绛林剑君听了这话,怒发千丈,捡起那截戚速断剑:“我昆吾峰有一座剑冢,难道不比过他天光峰几间破陋丹室?一千八百柄全是名家打造的宝剑,制作何其精绝,不好过你拿的这把一用就断的剑?赤书,你在剑道上未曾入过半个时辰的门,就不要对我指手画脚。”

赤书真人不以为然:“你看你,还真是一句都说不得了,夹枪带棒地做什么?那些个陈年宿货也好意思摆上高台盘?”

玉阙真人一字一喘地调停:“这个孩子苗子虽好,我却是有心无力……孩子,我对你不起,你对丹道一片赤诚,这是很好很好的,其实昆吾峰和雁行峰也都是很好很好的……”

赤书真人把头一偏,不领情道:“哎玉阙哟,这里没你什么事了。你老了,回去歇着吧。”

却看见卫璇手捧断剑,一脸的局促不安:“师父,玉阙师伯教训的原不是没有道理的。弟子年轻莽撞,千不该万不该将您的佩剑折断了。”

赤书真人停滞了一息,茫然间观乎卫璇脸色。

什么佩剑,他给过卫璇什么剑么?

他没反应过来卫璇唱的哪一出,便高声问身后道:“怎么回事,怎么回事!”

姚云比一板一眼地答道:“首座师兄将佩剑借给了檀师弟,和黄师妹比试中,剑便折断了。”他多看了那戚速剑一眼,没有多说什么。

卫璇道:“戚速剑是您赐下的峰主佩剑,弟子不该如此草率假借他人……”

黄亦双一听是峰主佩剑便慌了神,说道:“卫师兄,那是你的峰主佩剑?莫不是…莫不是…师叔要将峰主之位传位于你才赐给你的?”

搀扶着玉阙真人的首座弟子名唤常正一,他闻言不由抢了话头说:“卫璇玑,你入道区区二十年就越了秩次坐上首座,如今又肖想当上什么峰主?别做你的千秋大梦了!正经师父面前都敢这么扯谎。”

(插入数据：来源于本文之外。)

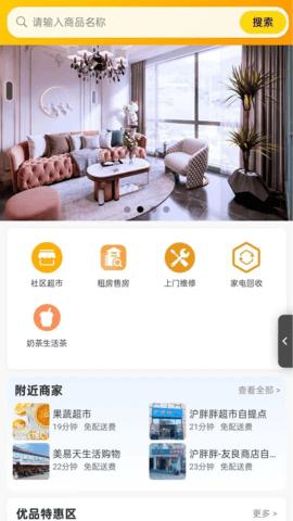 沪胖胖是一款整合了社区周边生活服务的工具,通过手机就能联系到附近的家电维修师傅,处理空调、电视或洗衣机的故障,也能浏览和购买超市里的酒水零食,查看本地的租房售房信息,下单后通常当天就能送达或安排服务。

赤书真人喝道:“怎么了?我就是欢喜卫璇这孩子,就是要把峰主之位传给他,你不同意啊?”

常正一白讨个臊,忙说:“不敢不敢。”

黄亦双哭得梨花带雨:“卫师兄,我不是有意的……”

卫璇状似有些不忍,吐字清晰地重复一遍那剑的高贵来历:“师妹,折断了师父赐我的峰主佩剑并非你的错失,只是我担待不了如此大罪,也不知如何让师父宽慰。”

赤书真人彻底明白过来了,连忙一摆手说道:“不怪你,不怪你!玉阙,你怎么办吧你看看,你弟子闯了大祸了。我那剑可也是鼎鼎大名的上仙传下来的。你不赔给我一座山头我都不依。”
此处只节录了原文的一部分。